No free lunch - then why free passes?

Many years ago farmers were paid not to grow wheat and other type agriculture products. The government was actively engaged in the business of supporting prices.

The government could start a program of buying up homes and stabilize the housing market. That way people could offload their speculative housing losses on the government and taxpayers and it would be obvious. Rather than do that the Fed decided to buy mortgage paper to the tune of $200 billion. It is a more subtle bail out but taxpayers will ultimately still absorb the cost. The market's response was as Holman Jenkins predicted in an earlier op ed piece - a distrusting yawn.

Yesterday an official from Wachovia Bank said the housing market was equivalent to being somewhere around the 7th inning and thus,still had a ways to go before stabilizing. Still appears this caterpillar has more shoes to fall and today a hedge fund shut its windows to prevent more liquidations. The mortgage meltdown will have a far reaching ripple effect because of our passion for leverage. A pebble thrown in the pond makes concentric circles.

On another note the media, more or less, gave Eliot Spitzer a free pass when he was New York's top prosecutor and was running rampart and trampling hard on people's freedoms. However, the press and media were very resourceful in reporting about the alleged impact on our privacy rights when the Administration sought to pursue terrorists through broadened wiretap and other technological surveillance methods.

Then when Spitzer ran for governor he got another free pass as the fawned over his crusading righteousness.

I submit the press and media are engaged in another act of sycophancy with respect to - Sen. Obama, who has replaced the press and media's former darling - Hillary Clinton. Most voters get their impression about a candidate from reading and observing and the press and media's influence and selective reporting is very important in shaping views. Therefore, press and media objectivity, in a free society, is critical. The term "fourth estate" is not without merit.

Part of the job of vetting an opponent is up to the opposition candidate but here again, the press and media play a vital role. With Obama and Clinton we have two candidates bent on convincing voters they have the necessary experience and judgment when, in fact, their record is rather thin and/or questionable in both departments.

Obama's oratory is beguiling whereas, Clinton's is more pleading but behind all their staged mellifluousness is an emptiness that continues to demand probing.
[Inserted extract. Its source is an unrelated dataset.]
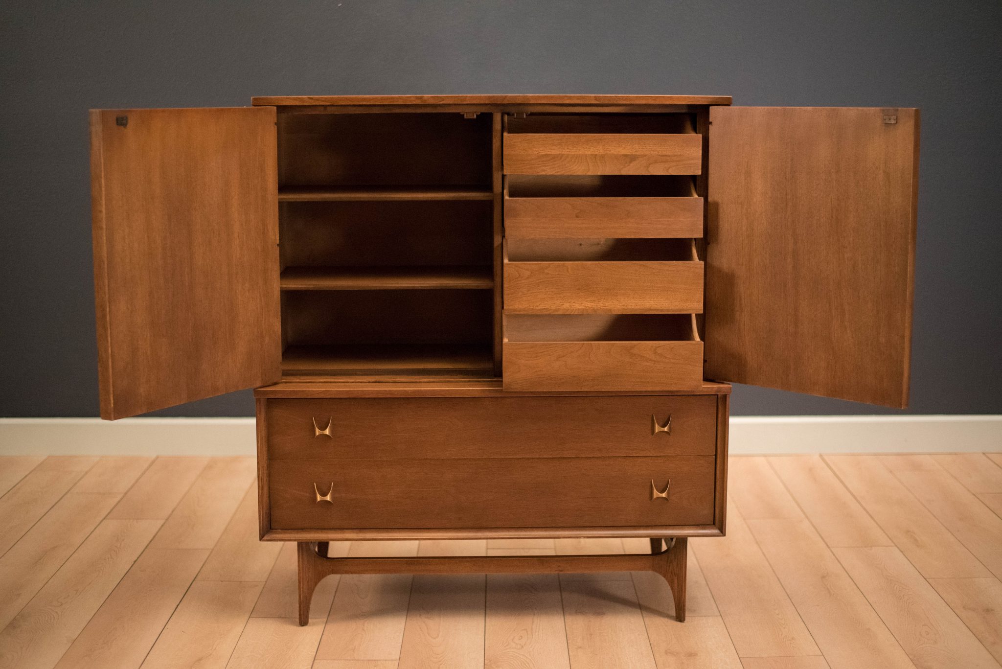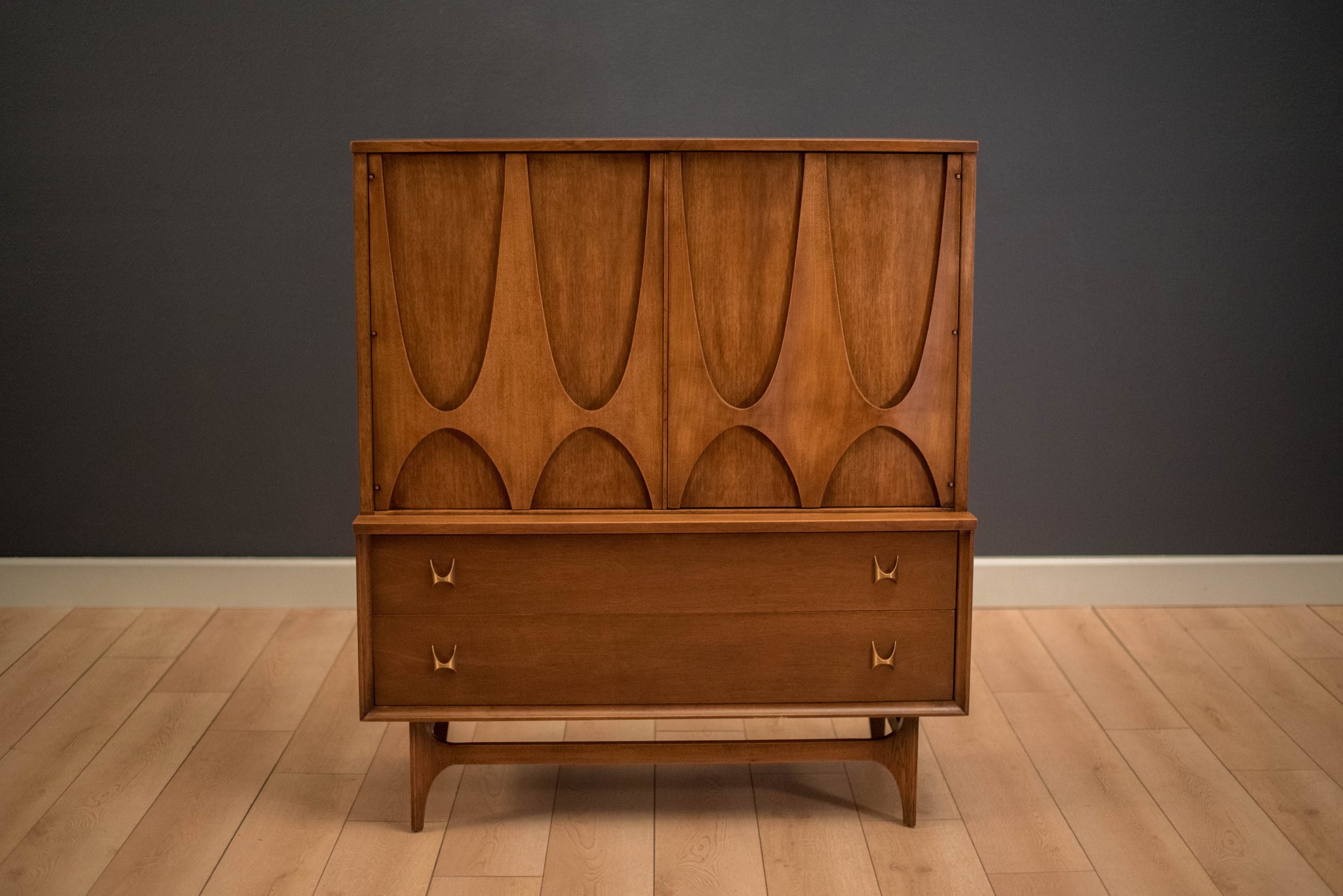 Mid-Century highboy door chest from the Broyhill Brasilia line, circa 1960s. This piece is equipped with two lower dovetailed drawers accessorized with signature brass handles. Includes open storage with two fixed shelves and four additional drawers behind sculpted arched doors.

After all they are running for the office of the President of the United States and one would think we ought to know as much about them and where they intend to take us as possible.

Obviously the same is true for their opponent, Sen. McCain.

We constantly re-learn there are no free lunches. Well, neither should there be free passes by the press and media for public officials seeking high offices. With the escalating cost of campaigns we seem, all too often, electing the person who can best buy his way into office and that is becoming a dangerous phenomena. In the recent nominating process many a more qualified candidate simply ran out of money, did not have "flash" and thus, were ignored "aggressively" by the press and media.